Exercise inputs
--------------------------------------------------

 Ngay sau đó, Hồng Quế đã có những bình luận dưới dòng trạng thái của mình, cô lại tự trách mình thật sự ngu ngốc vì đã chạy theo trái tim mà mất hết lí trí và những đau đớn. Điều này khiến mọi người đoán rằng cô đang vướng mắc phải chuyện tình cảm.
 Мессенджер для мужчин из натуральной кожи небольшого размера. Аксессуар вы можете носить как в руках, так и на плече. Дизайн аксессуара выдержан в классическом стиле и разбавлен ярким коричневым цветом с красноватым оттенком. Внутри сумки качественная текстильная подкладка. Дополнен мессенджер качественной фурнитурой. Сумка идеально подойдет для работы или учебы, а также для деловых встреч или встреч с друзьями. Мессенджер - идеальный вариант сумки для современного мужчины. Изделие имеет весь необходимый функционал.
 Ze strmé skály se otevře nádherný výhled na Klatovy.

--------------------------------------------------

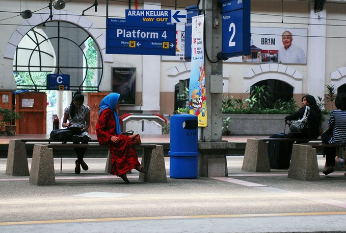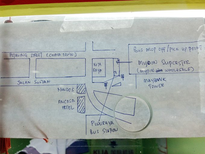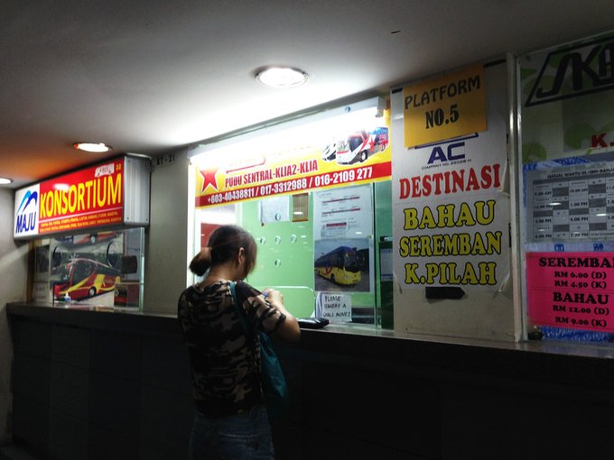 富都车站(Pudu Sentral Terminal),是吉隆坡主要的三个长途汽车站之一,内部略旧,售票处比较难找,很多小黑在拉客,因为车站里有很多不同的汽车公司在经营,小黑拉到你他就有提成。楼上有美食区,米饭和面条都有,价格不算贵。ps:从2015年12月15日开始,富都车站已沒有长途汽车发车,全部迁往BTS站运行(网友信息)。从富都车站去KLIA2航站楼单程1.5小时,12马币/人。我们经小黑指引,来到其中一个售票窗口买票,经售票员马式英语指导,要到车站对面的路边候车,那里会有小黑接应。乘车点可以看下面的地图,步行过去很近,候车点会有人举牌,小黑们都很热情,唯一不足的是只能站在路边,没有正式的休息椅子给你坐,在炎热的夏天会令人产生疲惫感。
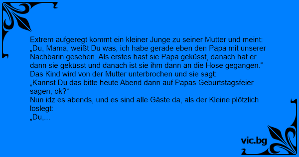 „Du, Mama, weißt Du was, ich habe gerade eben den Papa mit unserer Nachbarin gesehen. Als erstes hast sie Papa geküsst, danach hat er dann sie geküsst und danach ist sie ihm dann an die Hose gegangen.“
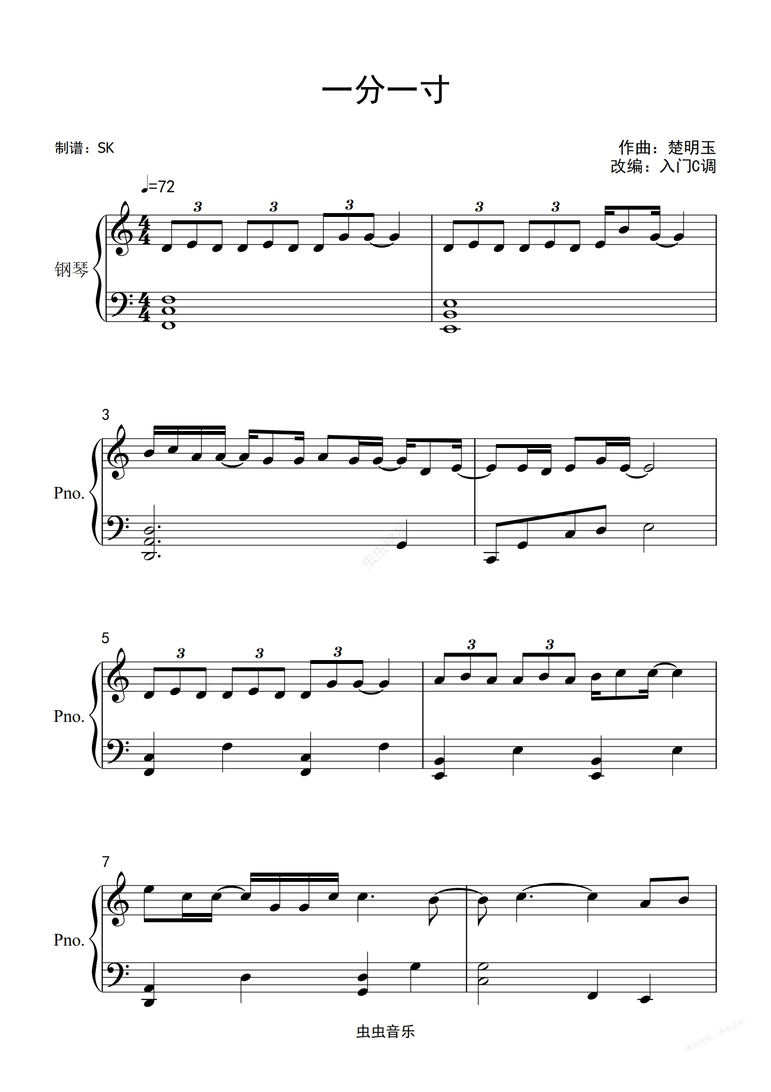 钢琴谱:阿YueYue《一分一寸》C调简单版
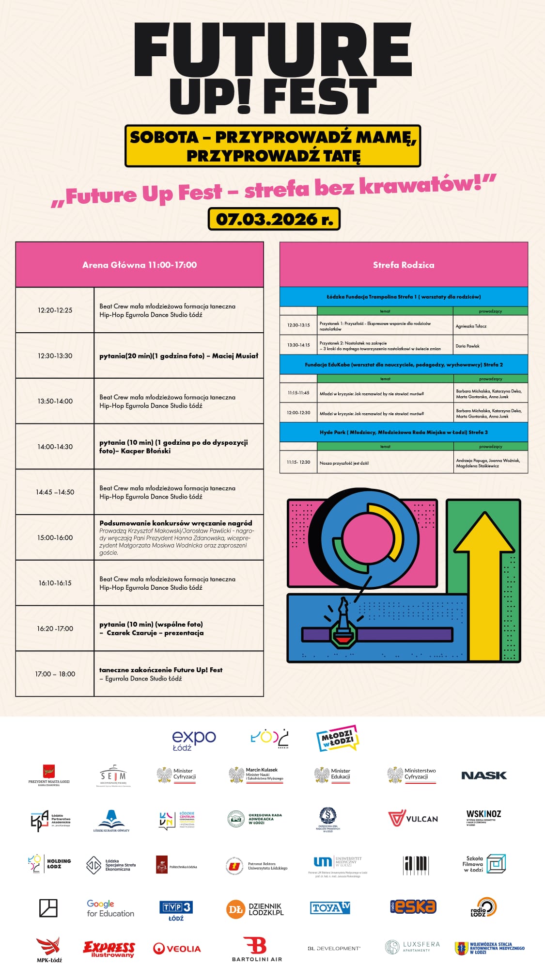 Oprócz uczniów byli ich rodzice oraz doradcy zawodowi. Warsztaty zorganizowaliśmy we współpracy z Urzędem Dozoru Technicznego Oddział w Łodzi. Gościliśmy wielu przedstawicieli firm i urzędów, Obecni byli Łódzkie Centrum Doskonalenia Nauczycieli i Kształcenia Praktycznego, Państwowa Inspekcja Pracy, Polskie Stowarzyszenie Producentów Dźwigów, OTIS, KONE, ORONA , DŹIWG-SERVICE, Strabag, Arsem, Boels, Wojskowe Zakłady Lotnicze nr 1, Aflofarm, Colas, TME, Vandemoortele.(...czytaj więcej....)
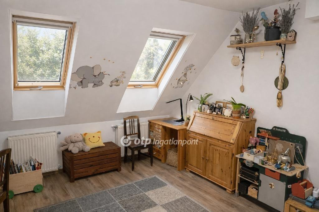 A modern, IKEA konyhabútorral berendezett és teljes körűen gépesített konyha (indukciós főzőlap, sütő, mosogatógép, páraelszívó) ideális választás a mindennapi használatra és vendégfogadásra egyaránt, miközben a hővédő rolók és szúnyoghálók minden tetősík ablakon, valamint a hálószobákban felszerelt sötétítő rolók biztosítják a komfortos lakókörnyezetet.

--------------------------------------------------

Your objective
Once you find the line with "Ngay sau đó, Hồng" in the entries above, output it and each line after it up to and including the line with "Ze strmé skály", and nothing else.

Exercise response
 Ngay sau đó, Hồng Quế đã có những bình luận dưới dòng trạng thái của mình, cô lại tự trách mình thật sự ngu ngốc vì đã chạy theo trái tim mà mất hết lí trí và những đau đớn. Điều này khiến mọi người đoán rằng cô đang vướng mắc phải chuyện tình cảm.
 Мессенджер для мужчин из натуральной кожи небольшого размера. Аксессуар вы можете носить как в руках, так и на плече. Дизайн аксессуара выдержан в классическом стиле и разбавлен ярким коричневым цветом с красноватым оттенком. Внутри сумки качественная текстильная подкладка. Дополнен мессенджер качественной фурнитурой. Сумка идеально подойдет для работы или учебы, а также для деловых встреч или встреч с друзьями. Мессенджер - идеальный вариант сумки для современного мужчины. Изделие имеет весь необходимый функционал.
 Ze strmé skály se otevře nádherný výhled na Klatovy.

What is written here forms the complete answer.